# Cat meows and runs around after eating



## Pineapple (Oct 24, 2010)

I'm just curious if anyone knows why a cat would do this? She's about 2 years old, in good health, a good weight, and gets fed a high quality wet food (Evo/Innova) 2x a day. Is she still hungry? Is she just happy? She yowls from her dish all crazy, then comes downstairs meowing (food dish is upstairs), runs upstairs, meows some more, comes down, and eventually settles. It is not a new behavior.


----------



## Abbie (Jan 13, 2011)

My girls do that when they're really happy or excited. Maybe your girl is celebrating a yummy meal?


----------



## Kobster (Feb 1, 2007)

Maybe she's just happy? Mine do this ocassionally too. I sometimes wish I could just peak inside their little brains.


----------



## Straysmommy (Dec 23, 2010)

She may want to play. Cats get an energy boost when they eat high quality food and some need to spend that energy immediately. I've both read this somewhere on the net and noticed it in Prince and one of my strays. Prince is about 2 years old too.
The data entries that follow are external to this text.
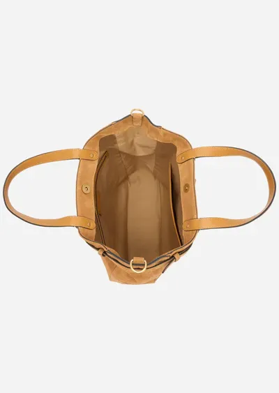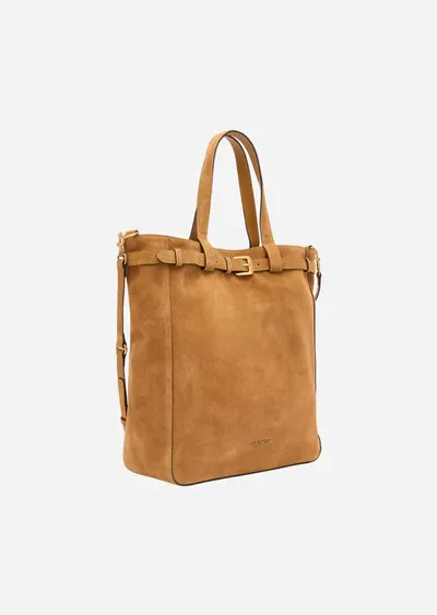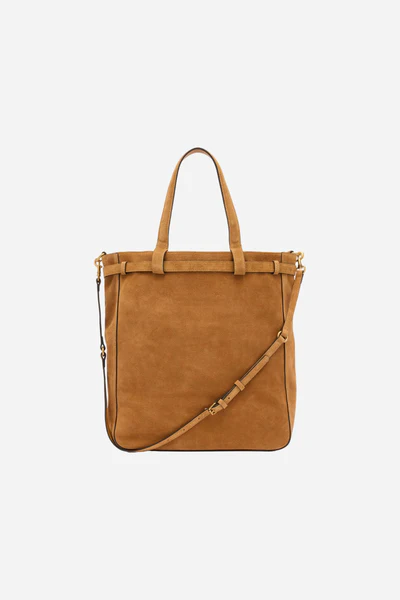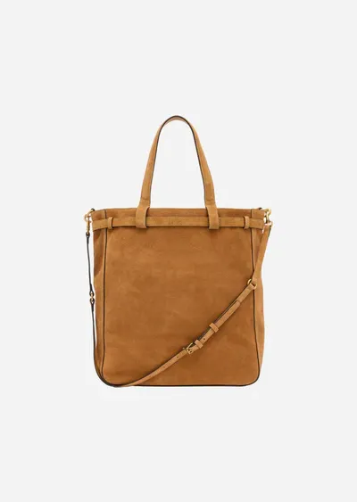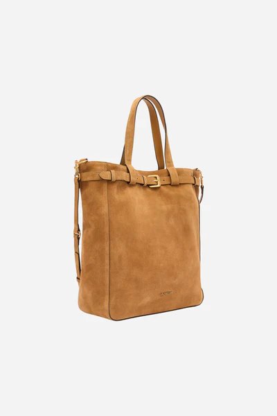 Bolso shopping confeccionado en suave piel de ante de tacto aterciopelado. Silueta rectangular mediana con asas superiores y correa desmontable y ajustable. El cinturón superior con hebilla integra las asas y aporta un detalle distintivo. Interior forrado en algodón con bolsillo interior con cremallera. Logotipo metálico en relieve sobre la hebilla frontal.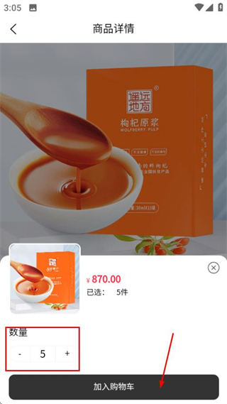 4、在数量选择页面调整商品数量后,点击加入购物车完成操作。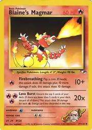 Blaine's Magmar (Japanese: カツラのブーバー Katsura's Boober) is a Fire-type Basic Pokémon card. It was first released as part of the Gym Heroes expansion.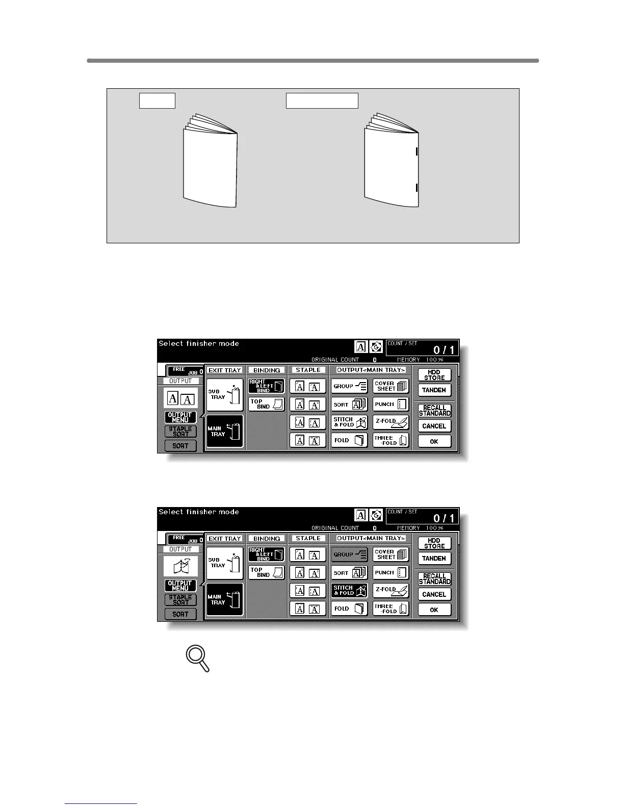 tray to Booklet tray. Notice that the arrow pointing from the MAIN TRAY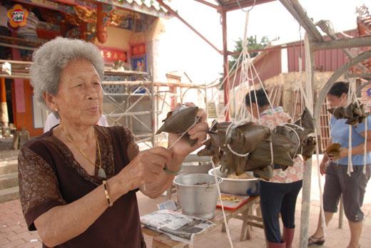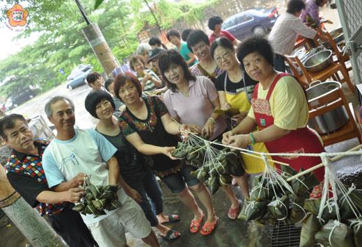 颱風來襲、包粽備糧!金城鎮珠山社區發展協會昨舉行端午節2012壬龍年端午「包粽、包中、粽飄香」活動,19日提前在颱風來襲前召集居民慶祝端午。下午二時許,婆婆媽媽們準時在珠山大道公宮前集合,備妥粽葉、糯米等材料展開包粽工作,村民們開玩笑的表示,颱風來臨若家裡沒有備糧,包好的粽子剛好可拿來裹腹,作為颱風假期的戰備存量使用。此言一出,讓現場包粽社區居民們會心一笑、頻頻點頭稱是。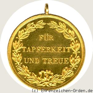 Die goldenen Medaillen wurden mit gewöhnlicher Öse angefertigt. Da der Mangel an Edelmetallen im Weltkrieg immer größer wurde sind die letzten Stücke mit geringerem Goldgehalt angefertigt worden. Der Goldgehalt betrug bis dahin noch 14 Karat und wurde im Krieg auf 8 Karat heruntergesetzt. Verliehen wurde diese Medaille für große Tapferkeit. So konnten Manschaftsdienstgrade diese Auszeichnung nur erhalten wenn sie vorher bereits das Eiserne Kreuz 1.Klasse erhalten hatten. Der goldenen Militär-Verdienst-Medaille wurde später die Stellung vor dem Ritterkreuz 2.Klasse mit Schwertern des Friedrichsordens zuerkannt. Die Verleihungszahl liegt bei ca. 4200 in den verschiedenen Goldgehalten. Vergoldete Medaillen wurden nur als private Nachprägungen gefertigt. Quelle: J. Nimmergut, Deutsche Orden und Ehrenzeichen bis 1945, Bd. IV, 2001.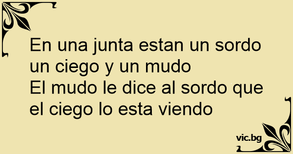 En una junta estan un sordo un ciego y un mudoEl mudo le dice al sordo que el ciego lo esta viendo 60 0 0 Chistes cortos

Does her tail position tell you something?


----------



## Pineapple (Oct 24, 2010)

It's usually pretty high in the air. I'm not sure what that means.  She does look a bit playful, so maybe it just gives her a big boost of energy.


----------



## Straysmommy (Dec 23, 2010)

Tail up high usually means happy or "see you later, pal!".

I believe it's a boost of energy plus a very happy mood. Then again, my cats knew hunger in their lives because they are/were strays and food supply is not always regular...so maybe the happiness factor doesn't apply in your case... 

I read somewhere that when a cat eats a high quality food, it gets a burst of energy right after. This is why I continue feeding Prince raw - because I can visibly notice the change in energy right after a meal.


----------



## MowMow (Nov 6, 2010)

Yah, MowMow gets the 'boodgekitties' once he's eaten a good meal and then used the box (in that order). He races around and yowls until I come chase him. 

SHe's just feeling frisky!


----------



## catloverami (Jul 5, 2010)

Maybe she wants her dish downstairs....where there's more people? Cats do the happy runaround tho often after they eat (or poop).


----------



## Pineapple (Oct 24, 2010)

LOL. She may want her dish downstairs. We feed her up there because there is an extra bathroom that is large, so her food and litterbox are up there (along with extra toys, bedding and things since we put her away in there for the night). We basically treat it like a dog's crate if she were a dog (all meals are fed in there, we give her super special treats when we put her away in there, etc.). It's her bedroom.

I'm going to assume she is happy. We adopted her from the Humane Society and they got her as a stray, so she's probably more spoiled with us than she's ever been.  I do think she started doing happy food crazies more when we switched her to wet. I'd be happy if I was eating duck and venison for my meals.


----------



## Digikid (Feb 27, 2011)

Mena would eat......then turn into a Cat that runs at Warp 9 across the apartment. It was always funny to watch.


----------



## Alpaca (Dec 21, 2009)

HA! My Miu is the other way around. She zooms across the house, up and down across tables etc BEFORE a meal. Then after a meal, she's all quiet and even goes to sleep sometimes.

It's hilarious when she's zooming, Rocky the dog is chasing her to tell her to stop, Jack is milling around yowling that he's hungry. It's quite a cacophony!


----------